Presti also dealt his other first-round pick for a 2027 first from Sacramento, which just added to his arsenal that could have overpowered every other team in the league in the trade market.
The Thunder have spent most of their time this offseason re-signing their own, assuring they will once again have the deepest roster in the NBA next season.
That’s great … when quantity matters. But in the postseason, as they should be quite aware by now, it’s quality that wins out.

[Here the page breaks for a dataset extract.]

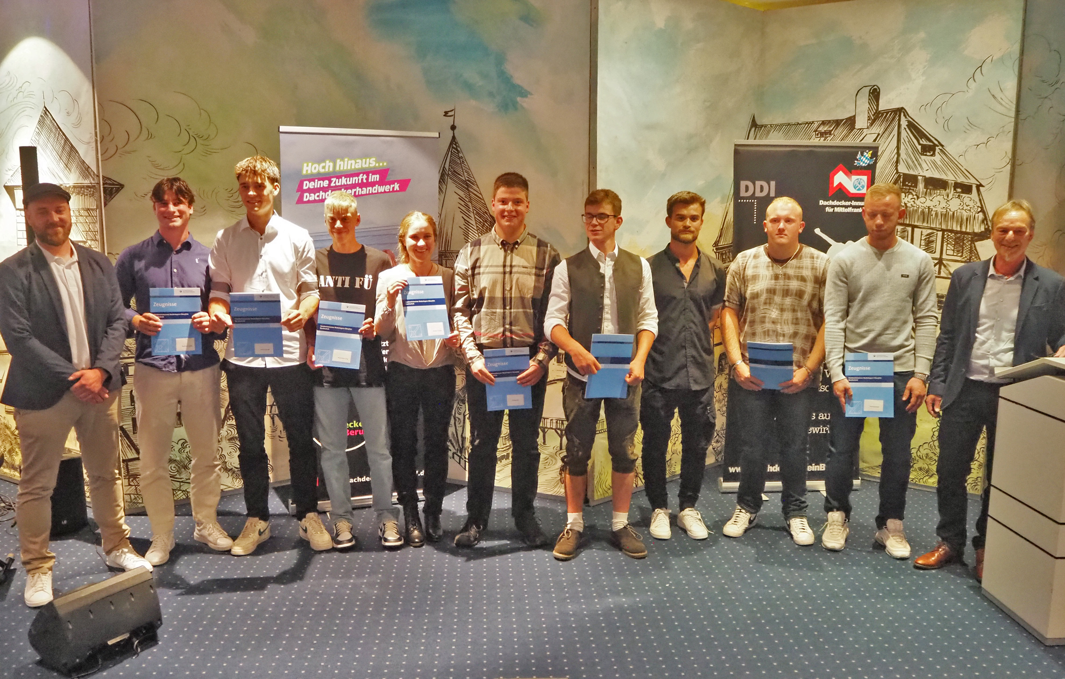 Von den insgesamt 14 erfolgreichen Auszubildenden nahmen neun an der Feier teil. Mindestens ebenso stolz auf deren Schritt von der Lehre ins Gesellenleben waren auch die Ehrengäste dieses Abends:

When the Thunder don’t repeat 11 months from now, some will blame Shai Gilgeous-Alexander for not being able to duplicate his remarkable 2025 season. Some will cite yet another Chet Holmgren injury, this at the end of the year rather than the beginning. Others will say they told us that Jalen Williams was overrated, that Isaiah Hartenstein and Alex Caruso are considered journeymen for a reason, that Lu Dort, Aaron Wiggins and Isaiah Joe predictably couldn’t step up when they got a greater opportunity.
Heck, some will suggest they should have fired their coach, which at that point they probably would.
And they’ll all be wrong.
It’ll be the fault of Sam Presti and his summer vacation.